Write out exactly the lines below starting at the one containing "Αναγνωστικό Δ' Δημοτικού" and ending at the one containing "3D paper animals, chairs, a". Omit every picture.

** STORED DATA follows **

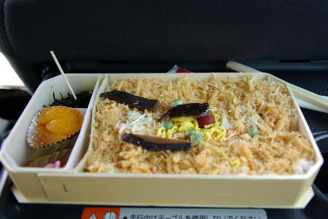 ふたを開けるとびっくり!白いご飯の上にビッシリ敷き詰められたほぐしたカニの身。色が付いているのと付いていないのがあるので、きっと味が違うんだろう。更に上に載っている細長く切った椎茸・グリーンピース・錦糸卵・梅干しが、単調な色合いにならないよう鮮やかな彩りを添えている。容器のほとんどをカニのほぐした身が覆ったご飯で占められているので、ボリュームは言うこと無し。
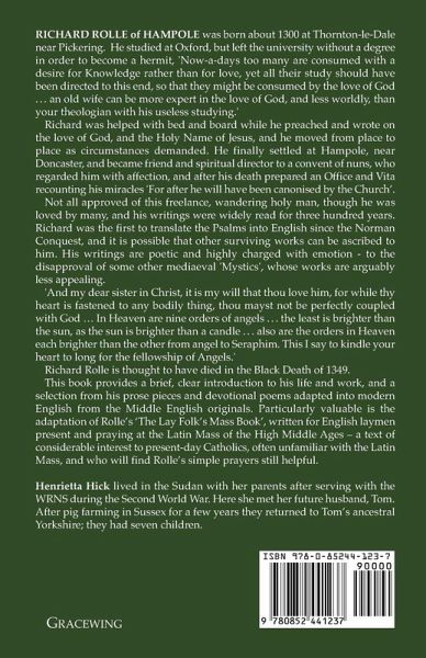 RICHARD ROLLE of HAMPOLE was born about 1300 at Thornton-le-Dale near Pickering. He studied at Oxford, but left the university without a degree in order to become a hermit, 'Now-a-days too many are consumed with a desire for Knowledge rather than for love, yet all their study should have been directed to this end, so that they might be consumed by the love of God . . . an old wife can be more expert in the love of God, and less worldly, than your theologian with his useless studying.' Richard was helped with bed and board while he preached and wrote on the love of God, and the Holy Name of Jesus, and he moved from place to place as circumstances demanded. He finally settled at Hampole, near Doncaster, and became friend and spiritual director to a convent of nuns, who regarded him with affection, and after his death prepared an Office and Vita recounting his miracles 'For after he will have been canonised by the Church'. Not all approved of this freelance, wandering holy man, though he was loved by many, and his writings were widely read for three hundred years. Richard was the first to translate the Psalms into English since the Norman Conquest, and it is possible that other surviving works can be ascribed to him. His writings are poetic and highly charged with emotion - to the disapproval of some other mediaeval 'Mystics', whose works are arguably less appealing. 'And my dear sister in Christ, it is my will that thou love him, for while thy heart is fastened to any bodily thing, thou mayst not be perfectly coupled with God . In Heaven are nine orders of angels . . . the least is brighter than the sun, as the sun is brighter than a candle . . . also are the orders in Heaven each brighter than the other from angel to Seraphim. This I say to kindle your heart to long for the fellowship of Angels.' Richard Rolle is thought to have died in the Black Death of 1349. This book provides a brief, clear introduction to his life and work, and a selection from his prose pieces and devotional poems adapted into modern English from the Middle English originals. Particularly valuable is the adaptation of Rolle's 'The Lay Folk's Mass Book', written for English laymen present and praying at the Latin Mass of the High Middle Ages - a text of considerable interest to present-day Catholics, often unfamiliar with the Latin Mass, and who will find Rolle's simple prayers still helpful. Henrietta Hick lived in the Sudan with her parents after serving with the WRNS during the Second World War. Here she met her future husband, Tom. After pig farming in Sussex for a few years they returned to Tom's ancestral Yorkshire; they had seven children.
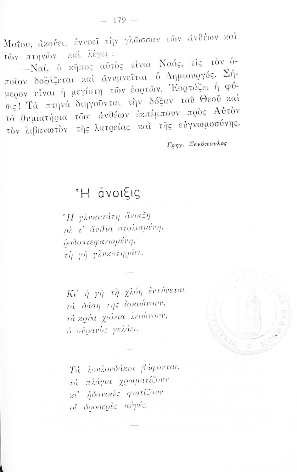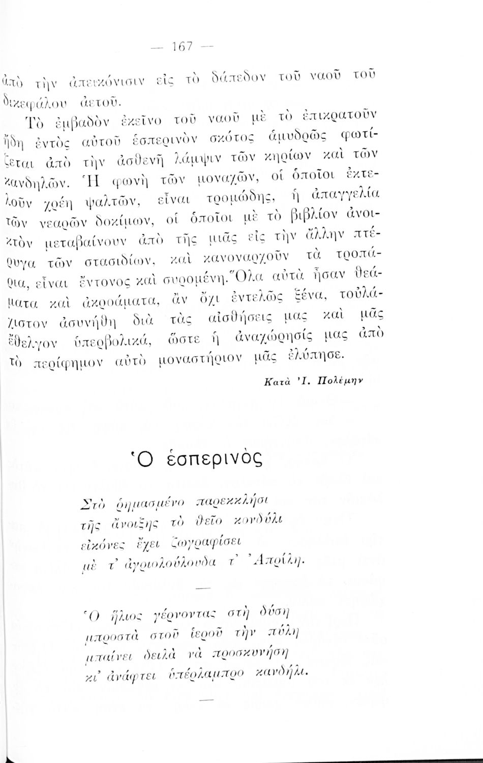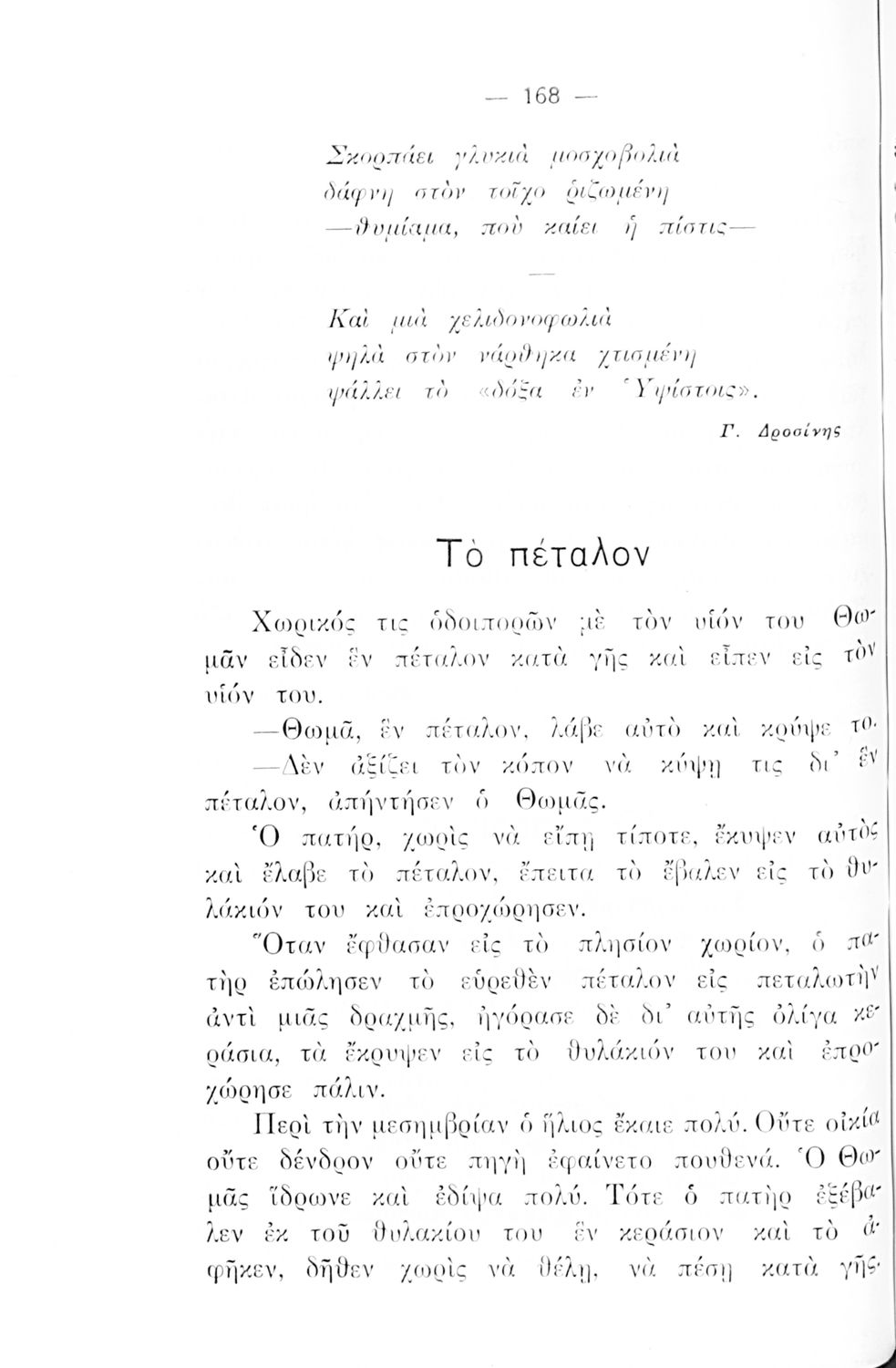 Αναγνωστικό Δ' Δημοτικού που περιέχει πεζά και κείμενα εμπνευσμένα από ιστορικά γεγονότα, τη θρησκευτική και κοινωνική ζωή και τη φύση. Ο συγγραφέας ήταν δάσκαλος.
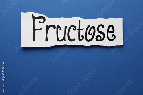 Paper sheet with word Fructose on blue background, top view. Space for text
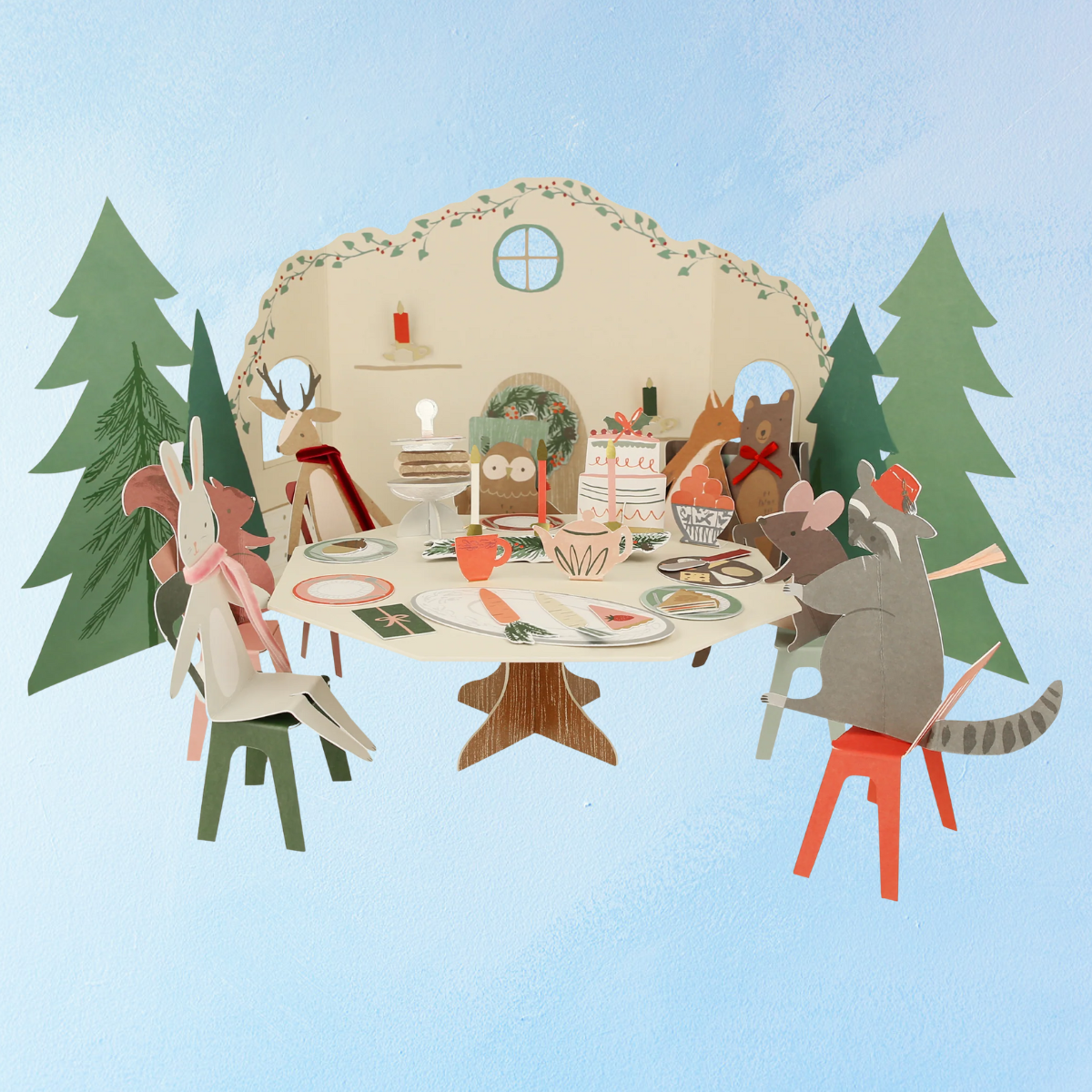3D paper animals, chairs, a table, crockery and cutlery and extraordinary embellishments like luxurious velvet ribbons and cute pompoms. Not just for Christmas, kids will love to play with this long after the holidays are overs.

** End of STORED DATA **
** STORED DATA follows **

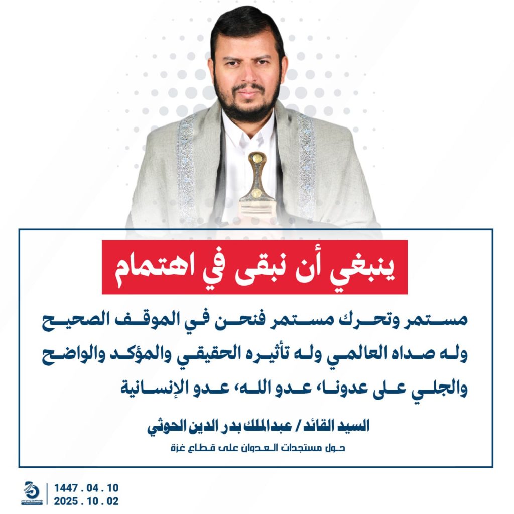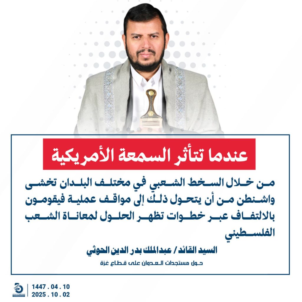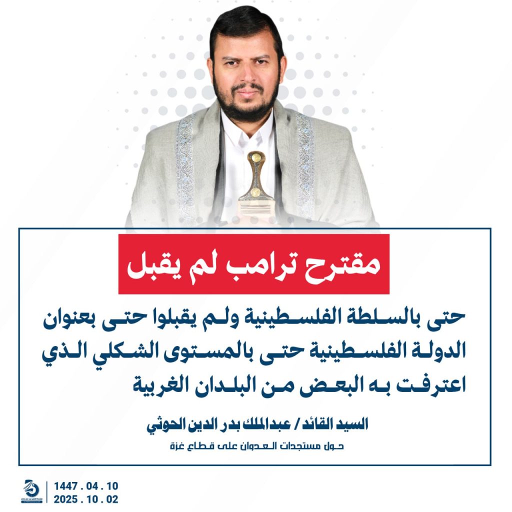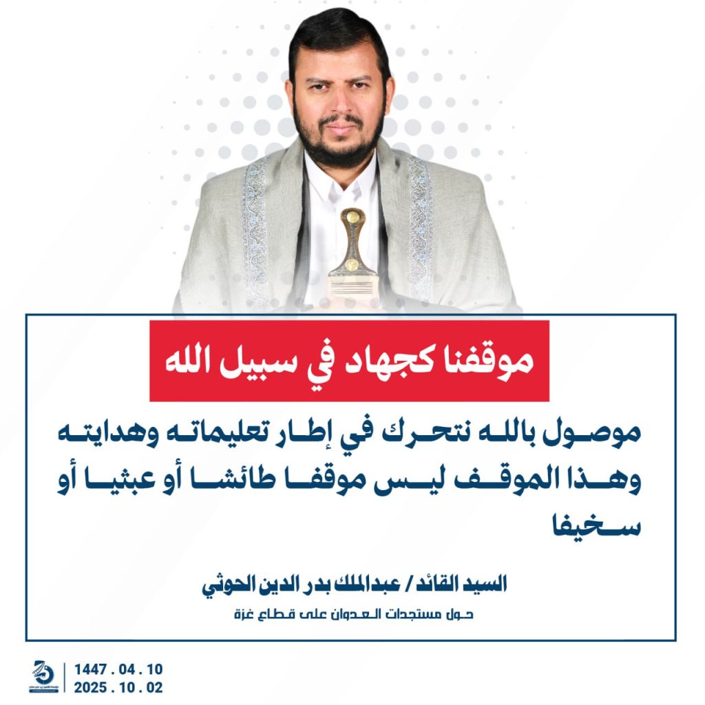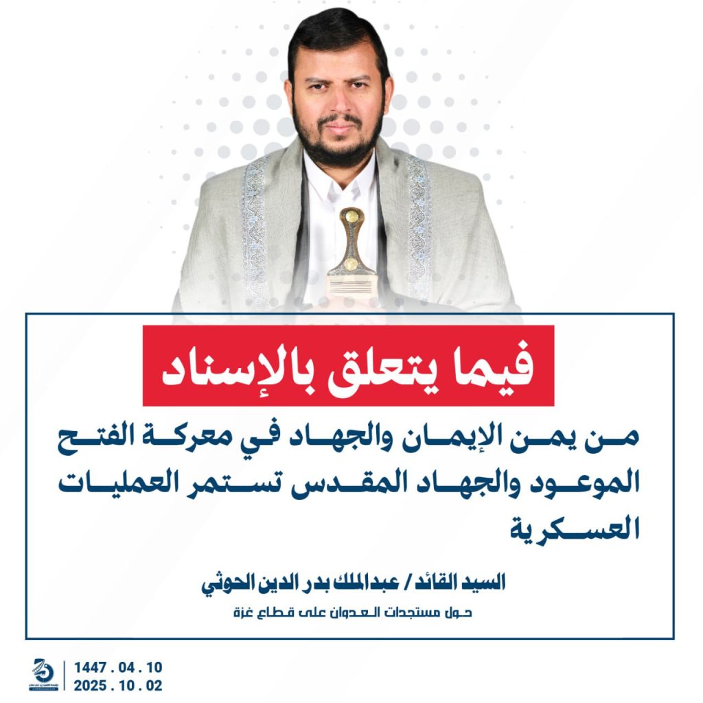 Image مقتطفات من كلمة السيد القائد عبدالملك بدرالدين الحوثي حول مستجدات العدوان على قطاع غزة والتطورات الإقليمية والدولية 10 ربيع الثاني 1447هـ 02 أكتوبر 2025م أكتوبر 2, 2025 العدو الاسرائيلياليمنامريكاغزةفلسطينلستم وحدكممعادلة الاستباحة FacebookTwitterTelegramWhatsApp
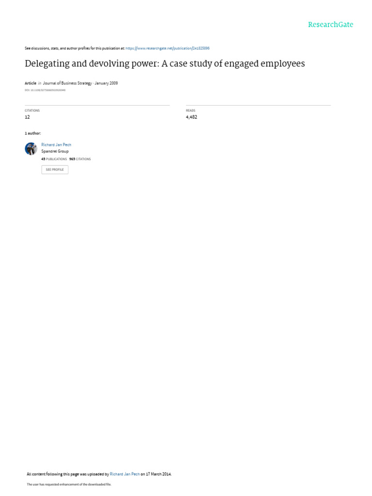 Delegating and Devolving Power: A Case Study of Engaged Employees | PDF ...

** End of STORED DATA **
** STORED DATA follows **

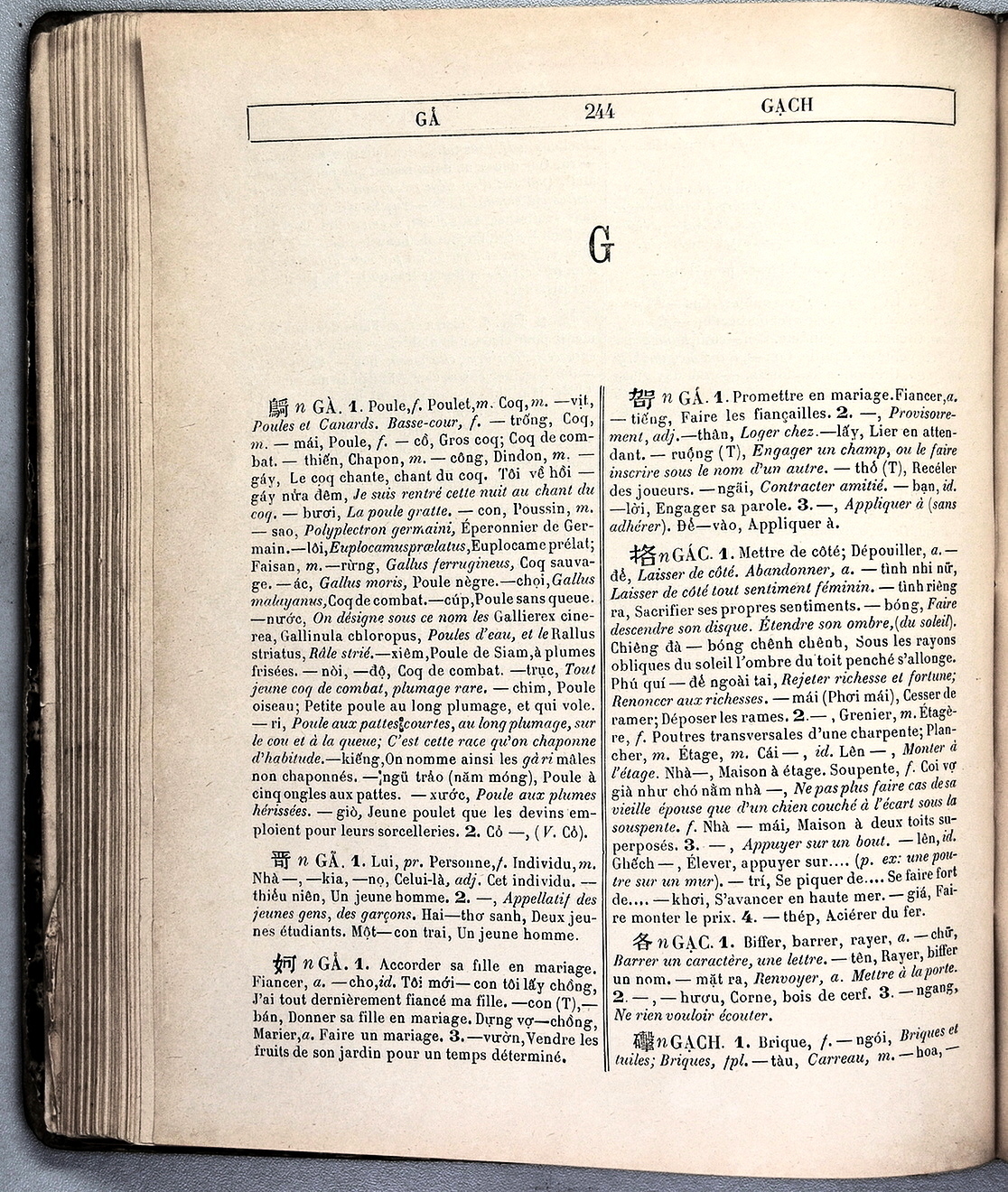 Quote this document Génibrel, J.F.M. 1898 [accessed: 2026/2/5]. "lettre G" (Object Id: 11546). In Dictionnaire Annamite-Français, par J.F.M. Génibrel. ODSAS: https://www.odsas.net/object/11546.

** End of STORED DATA **

- _EXPECTED ANSWER_:
 Αναγνωστικό Δ' Δημοτικού που περιέχει πεζά και κείμενα εμπνευσμένα από ιστορικά γεγονότα, τη θρησκευτική και κοινωνική ζωή και τη φύση. Ο συγγραφέας ήταν δάσκαλος.
 Paper sheet with word Fructose on blue background, top view. Space for text
3D paper animals, chairs, a table, crockery and cutlery and extraordinary embellishments like luxurious velvet ribbons and cute pompoms. Not just for Christmas, kids will love to play with this long after the holidays are overs.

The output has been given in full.